DIRECTIONS
Nothing but the records, repeated word for word and free of pictures, belongs in the answer.

Collection entries
——

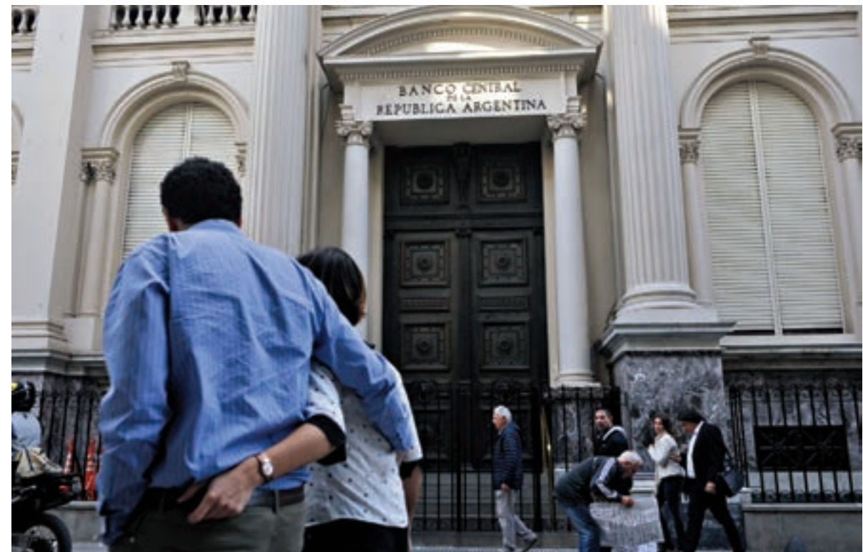
El Banco Central no detiene la sangría, incluso con tasas de cortísimo plazo arriba del 70 por ciento.

El consorcio de bancos IIF advierte sobre presiones crecientes antes y después de las elecciones.
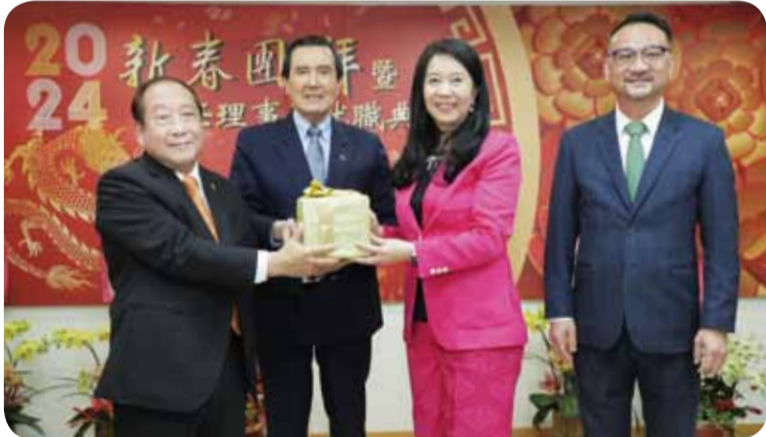
馬前總統（左二）監交，阮昭雄副委員長（右一）見證，鄭致毅理事長（左一）將僑聯印信交接給童惠珍理事長（右二）。

僑光社／台北 華僑救國聯合總會2月17日上午10時，在僑聯總會舉行第18屆理事長童惠珍就職典禮，馬前總統應邀監交並致詞。
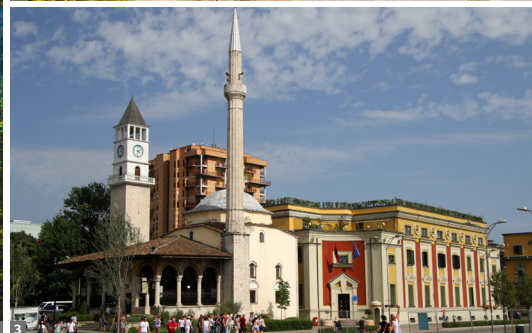
1 Blaues Auge/Syri i Kaltër 2 Gjirokastra 3 Tirana

sche Badeanlage, eine Basilika und eines der größten Baptisterien der antiken Welt.
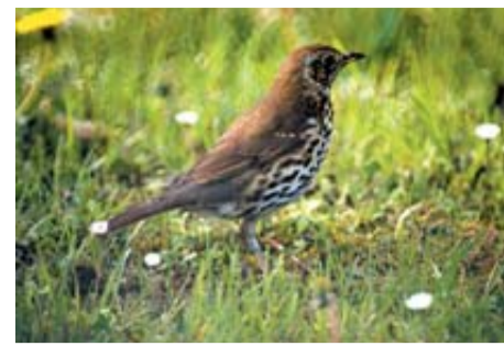
Zorzal común 'Turdus Philomelos'

Es una rapaz de mediano tamaño: longitud de 60-66 cm y envergadura en vuelo de 154-170 cm. Tiene presencia en Navarra todo el año, pero en invierno se reciben ejemplares invernantes de Alemania, Francia, Dinamarca o Suiza. En invierno se agrupa para dormir. Mal cazador, suele aprovechar piezas fáciles de capturar, basura o carroña.
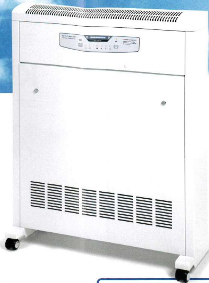
空気除菌脱臭装置 KOV A MEISTER コア・マイスター[ホープ15F]
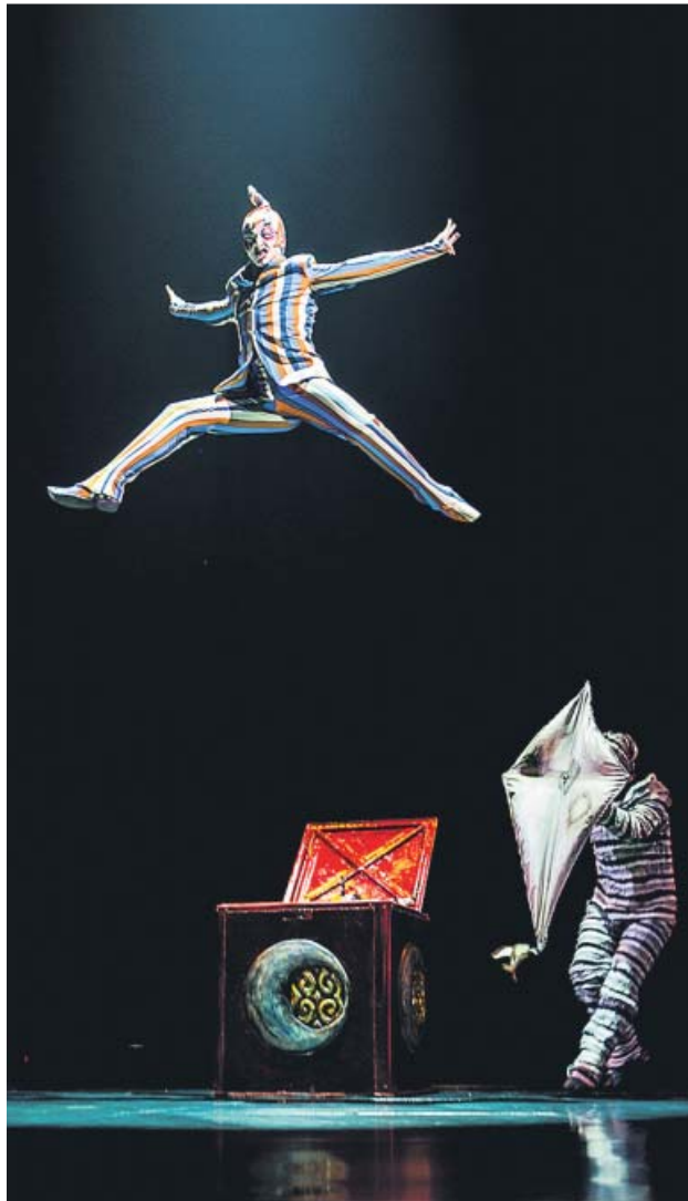
Uno de los momentos iniciales de 'Kooza'.

El nombre de Kooza se inspira en la palabra del sánscrito 'koza' que significa «caja», «cofre» o «tesoro», y se escogió por-
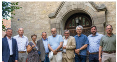
Der neu gewählte Vorstand im KBV Jena
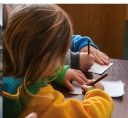
Dětský koutek, soutěže
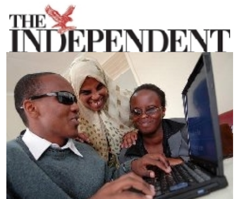
Etudiant malvoyant utilisant un ordinateur équipé d'un logiciel pour malvoyants fournis par Computer Aid, Kenya
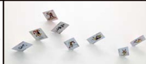
泉孝昭 Takaaki Izumi
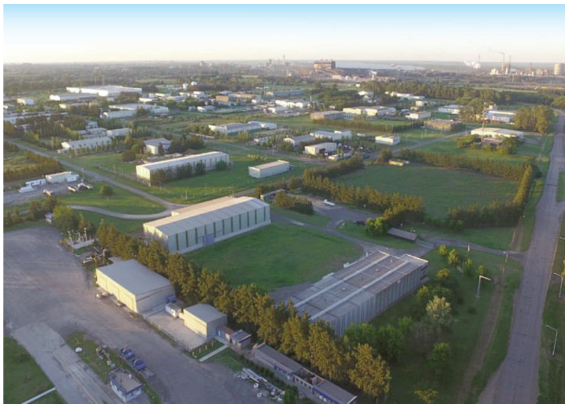
Parque Industrial Comirsa.
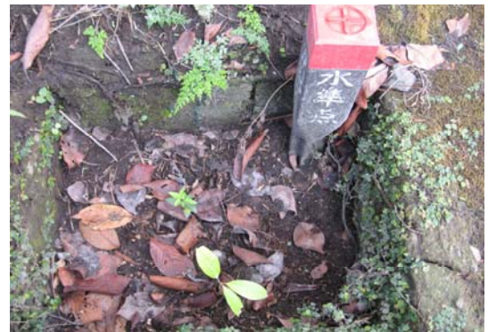
写真8 S26 1957年設置
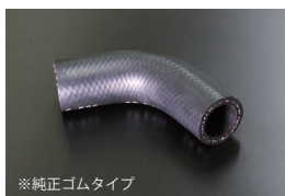
DR30ウォーターバイパスホース

※ウォーターハウジングとウォーターポンプをつなぐホース 適合：KPGC10,PS30 価格：¥2,500
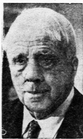
Poetas Robert Frost, 88 metų, buvo nuvežtas į Miami, Fla., ligoninę, kai pajuto plaučiuose spaudimą. Frost praleidžia kelias savaites Miami mieste kasmet.

Vokietijos Raudonasis Kryžius jau surado 305 angliakausius, kurie žuvo Saarbruecke, Vokietijoje, anglių kasyklose.
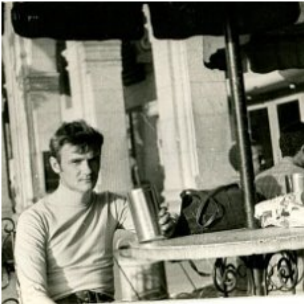
Гавана. Пивной бар у Капитолия.

Да, жара, а вот и спасательный пивной бар, притаившийся впереди, закрытый невысоким бетонным забором и с такими же бетонными столиками внутри. Подойдя к стойке Игорь увидел спасительные трехсот тридцати граммовые бутылочки коричневого стекла тоже в бетонной ванне с водой и большими кусками льда. Игорь с улыбкой на всю ширь произнёс: - Дос, компаньеро, сарбэсо!

——

FINISHED EXERCISE
El Banco Central no detiene la sangría, incluso con tasas de cortísimo plazo arriba del 70 por ciento.

El consorcio de bancos IIF advierte sobre presiones crecientes antes y después de las elecciones.
馬前總統（左二）監交，阮昭雄副委員長（右一）見證，鄭致毅理事長（左一）將僑聯印信交接給童惠珍理事長（右二）。

僑光社／台北 華僑救國聯合總會2月17日上午10時，在僑聯總會舉行第18屆理事長童惠珍就職典禮，馬前總統應邀監交並致詞。
1 Blaues Auge/Syri i Kaltër 2 Gjirokastra 3 Tirana

sche Badeanlage, eine Basilika und eines der größten Baptisterien der antiken Welt.
Zorzal común 'Turdus Philomelos'

Es una rapaz de mediano tamaño: longitud de 60-66 cm y envergadura en vuelo de 154-170 cm. Tiene presencia en Navarra todo el año, pero en invierno se reciben ejemplares invernantes de Alemania, Francia, Dinamarca o Suiza. En invierno se agrupa para dormir. Mal cazador, suele aprovechar piezas fáciles de capturar, basura o carroña.
空気除菌脱臭装置 KOV A MEISTER コア・マイスター[ホープ15F]
Uno de los momentos iniciales de 'Kooza'.

El nombre de Kooza se inspira en la palabra del sánscrito 'koza' que significa «caja», «cofre» o «tesoro», y se escogió por-
Der neu gewählte Vorstand im KBV Jena
Dětský koutek, soutěže
Etudiant malvoyant utilisant un ordinateur équipé d'un logiciel pour malvoyants fournis par Computer Aid, Kenya
泉孝昭 Takaaki Izumi
Parque Industrial Comirsa.
写真8 S26 1957年設置
DR30ウォーターバイパスホース

※ウォーターハウジングとウォーターポンプをつなぐホース 適合：KPGC10,PS30 価格：¥2,500
Poetas Robert Frost, 88 metų, buvo nuvežtas į Miami, Fla., ligoninę, kai pajuto plaučiuose spaudimą. Frost praleidžia kelias savaites Miami mieste kasmet.

Vokietijos Raudonasis Kryžius jau surado 305 angliakausius, kurie žuvo Saarbruecke, Vokietijoje, anglių kasyklose.
Гавана. Пивной бар у Капитолия.

Да, жара, а вот и спасательный пивной бар, притаившийся впереди, закрытый невысоким бетонным забором и с такими же бетонными столиками внутри. Подойдя к стойке Игорь увидел спасительные трехсот тридцати граммовые бутылочки коричневого стекла тоже в бетонной ванне с водой и большими кусками льда. Игорь с улыбкой на всю ширь произнёс: - Дос, компаньеро, сарбэсо!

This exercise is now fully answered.